The copy you produce must repeat each record exactly and contain no pictures.
*** Material supplied ***
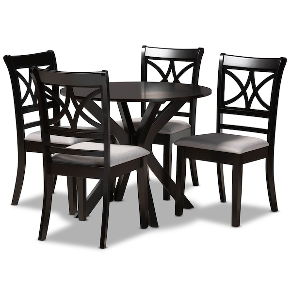 Julia Grey Upholstered and Dark Brown Finished Wood 5-Piece Dining Set
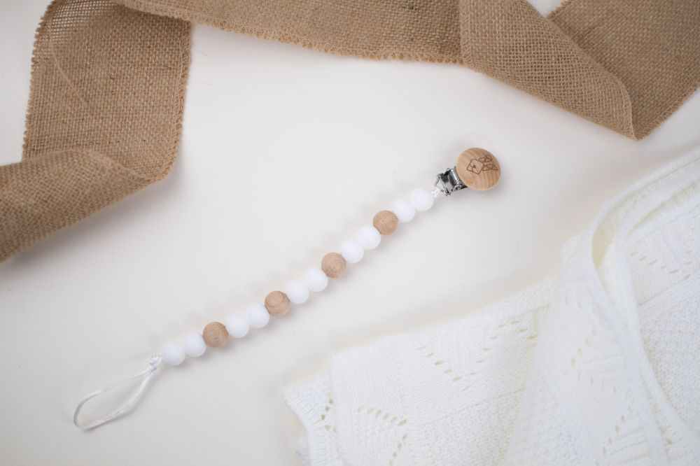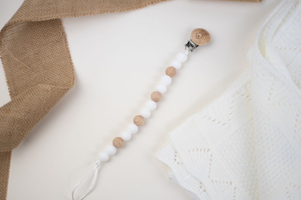 clip porta chupon con distintas texturas y figuras (silicon libre de bpa y madera tratada con aceite de resino) que favorecen a la integracion sensorial. Color rosa beige
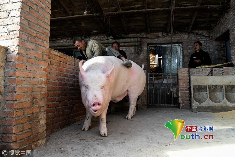 村里一位83歲的老人在圍觀時(shí)說,活了一輩子第一次見到這么大的豬,豬是好豬,但是賣不出去愁人啊。900斤大豬是個(gè)什么概念?體長2米25、腰圍1米75,站立高度1米10。此時(shí)此刻,900斤大豬完全不知主人的苦,也完全不知道外面的世界發(fā)生了什么。圖為養(yǎng)豬戶張先生險(xiǎn)些從900斤大豬背上摔下來。圖片作者:棋簿紫/視覺中國
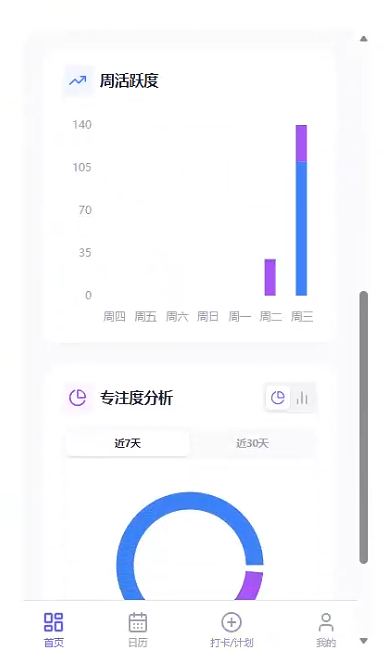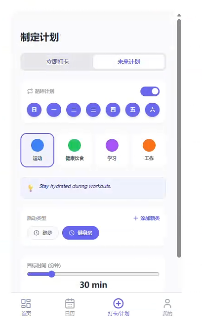 上面是我的计划,可以循环安排,也可以选择具体的日期,打卡的话可以根据计划来,也可以灵活记录,打卡成功后在主界面会有相关的数据展示,这对于我来说比现在市面上有日记打卡软件方便灵活多了,关键还不用担心隐私泄漏。
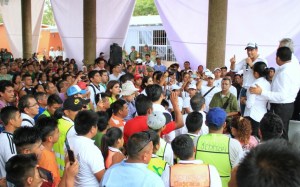 En compañía del representante del Gobierno Federal, Secretario de Comunicaciones y Transportes, Gerardo Ruiz Esparza, el Ejecutivo Estatal supervisó el albergue habilitado en esta localidad que atiende a 125 personas y quienes reciben alimentación, a través de la Cocina Comunitaria habilitada por el Ejército Mexicano.
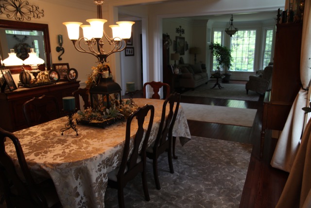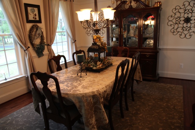 All of the previous decorations are located in the family room, kitchen, kitchen eating area, and powder room, those rooms are located on the back of our home. We also have a living and dining room that are on the front of our home (separated by the staircase). I decided to challenge myself this year. Throughout the year I use a pretty green color as my accent color in those rooms so I wanted to try to incorporate that color into my Fall decor as well. Plus I wanted it to look a bit more polished (if that makes sense) in those rooms…more formal might be a better way to put that. 🙂 So here is what I came up with:
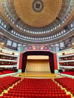 Inside, the auditorium echoed with silence and elegance velvet seats, golden lighting, and murals that whispered of Chongqing’s cultural pride. Outside again, the heat softened under the shade of nearby trees and pagoda-style roofs. Even in the city’s fast pace, the People’s Auditorium offered a graceful pause — a place where the past still speaks in structure and stone. 🎶🌿📸
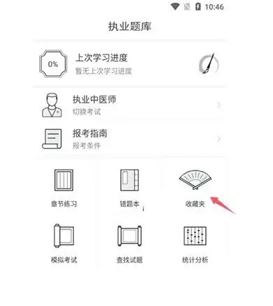 想要在中医通app中找到收藏夹,首先需要打开中医通APP,在首页界面中定位并点击【执业题库】图标,即可进入题库功能页面。在这个页面里,找到【收藏夹】选项,点击进入后就能看到您保存的所有题目和学习内容。
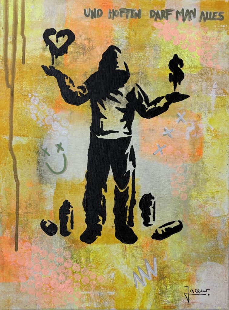 Unter dem Label Jaceur mache ich seit 2007 abstrakte Leinwandkunst und verkaufe meine Kunstwerke weltweit. Gerne teile ich in meinen Workshops (hier buchen) und bei privaten oder geschäftlichen Events (hier anmelden) meine Erfahrung und mein Wissen mit euch.
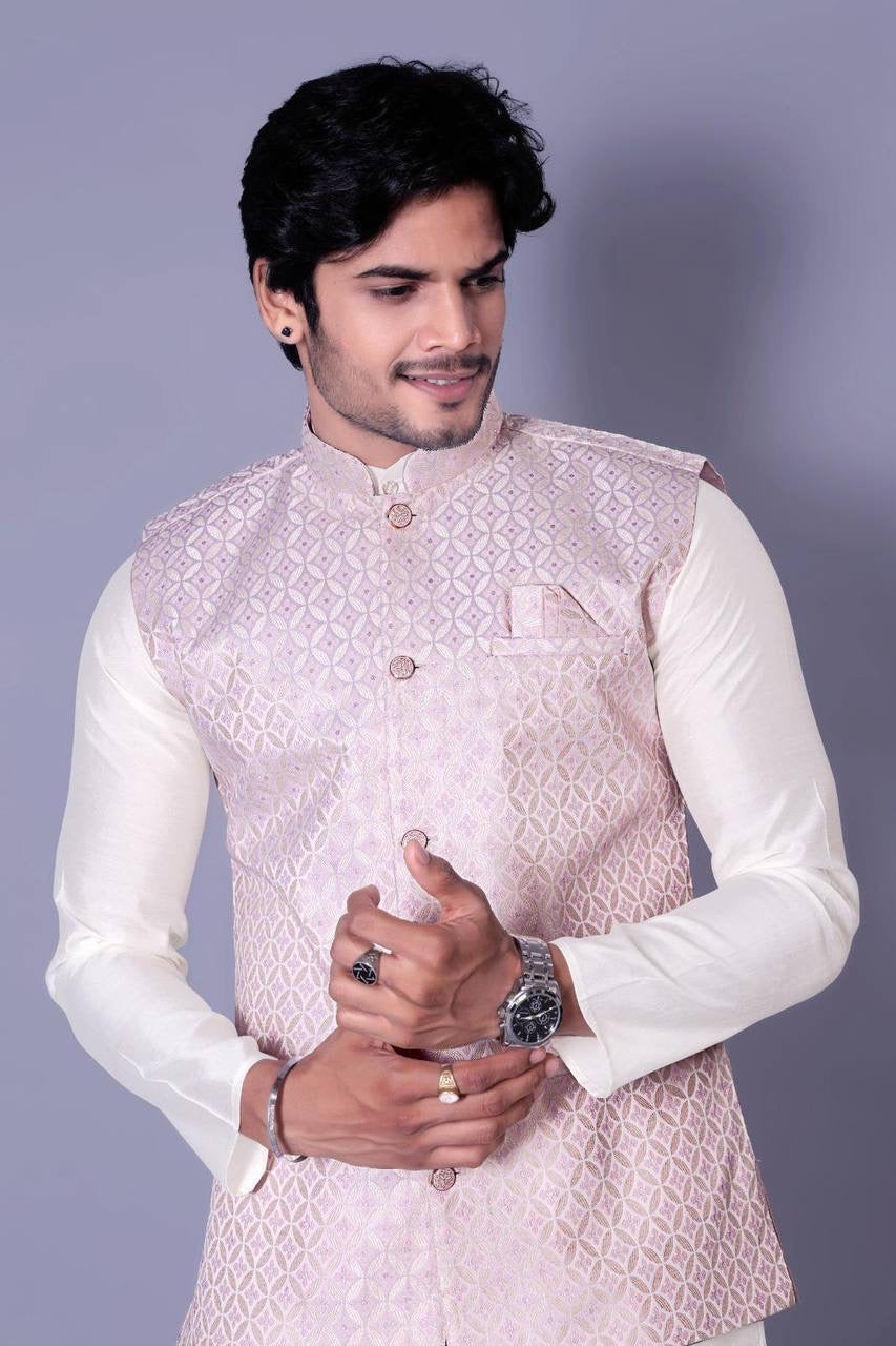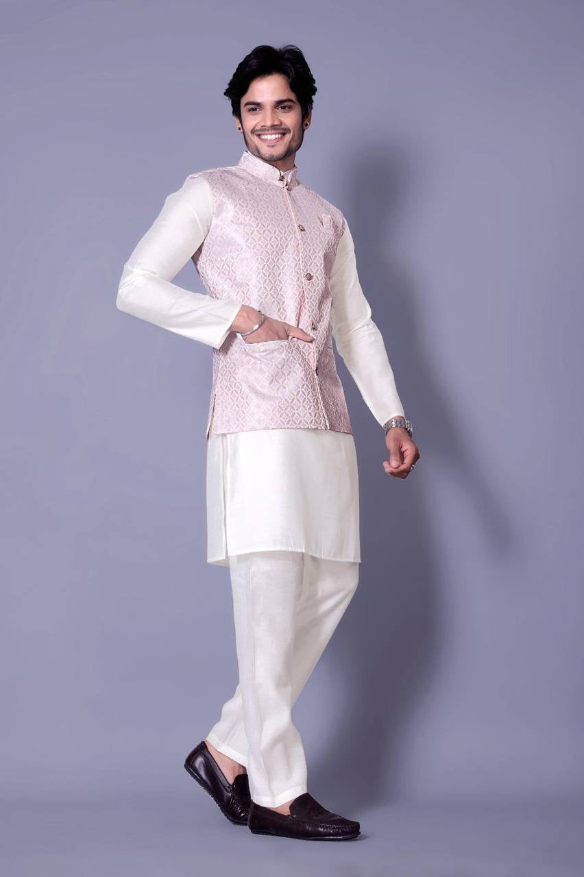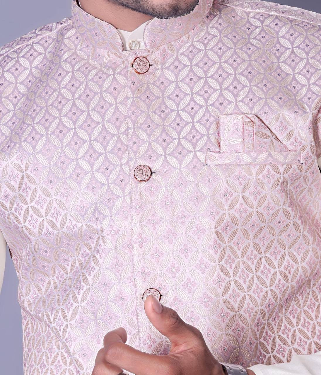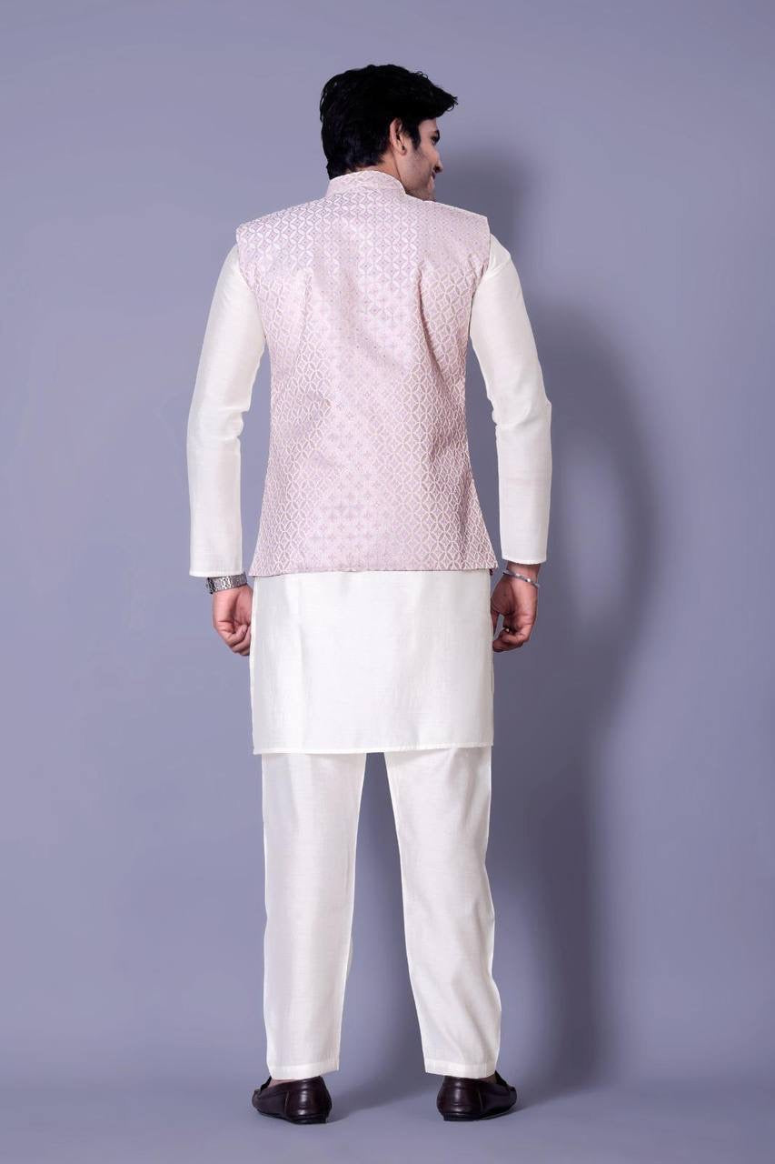 Cream Kurta Set with Pastel Pink Nehru Jacket
*** End of Material supplied ***
Task result:
 Julia Grey Upholstered and Dark Brown Finished Wood 5-Piece Dining Set
 clip porta chupon con distintas texturas y figuras (silicon libre de bpa y madera tratada con aceite de resino) que favorecen a la integracion sensorial. Color rosa beige
 村里一位83歲的老人在圍觀時(shí)說,活了一輩子第一次見到這么大的豬,豬是好豬,但是賣不出去愁人啊。900斤大豬是個(gè)什么概念?體長2米25、腰圍1米75,站立高度1米10。此時(shí)此刻,900斤大豬完全不知主人的苦,也完全不知道外面的世界發(fā)生了什么。圖為養(yǎng)豬戶張先生險(xiǎn)些從900斤大豬背上摔下來。圖片作者:棋簿紫/視覺中國
 上面是我的计划,可以循环安排,也可以选择具体的日期,打卡的话可以根据计划来,也可以灵活记录,打卡成功后在主界面会有相关的数据展示,这对于我来说比现在市面上有日记打卡软件方便灵活多了,关键还不用担心隐私泄漏。
 En compañía del representante del Gobierno Federal, Secretario de Comunicaciones y Transportes, Gerardo Ruiz Esparza, el Ejecutivo Estatal supervisó el albergue habilitado en esta localidad que atiende a 125 personas y quienes reciben alimentación, a través de la Cocina Comunitaria habilitada por el Ejército Mexicano.
 All of the previous decorations are located in the family room, kitchen, kitchen eating area, and powder room, those rooms are located on the back of our home. We also have a living and dining room that are on the front of our home (separated by the staircase). I decided to challenge myself this year. Throughout the year I use a pretty green color as my accent color in those rooms so I wanted to try to incorporate that color into my Fall decor as well. Plus I wanted it to look a bit more polished (if that makes sense) in those rooms…more formal might be a better way to put that. 🙂 So here is what I came up with:
 Inside, the auditorium echoed with silence and elegance velvet seats, golden lighting, and murals that whispered of Chongqing’s cultural pride. Outside again, the heat softened under the shade of nearby trees and pagoda-style roofs. Even in the city’s fast pace, the People’s Auditorium offered a graceful pause — a place where the past still speaks in structure and stone. 🎶🌿📸
 想要在中医通app中找到收藏夹,首先需要打开中医通APP,在首页界面中定位并点击【执业题库】图标,即可进入题库功能页面。在这个页面里,找到【收藏夹】选项,点击进入后就能看到您保存的所有题目和学习内容。
 Unter dem Label Jaceur mache ich seit 2007 abstrakte Leinwandkunst und verkaufe meine Kunstwerke weltweit. Gerne teile ich in meinen Workshops (hier buchen) und bei privaten oder geschäftlichen Events (hier anmelden) meine Erfahrung und mein Wissen mit euch.
 Cream Kurta Set with Pastel Pink Nehru Jacket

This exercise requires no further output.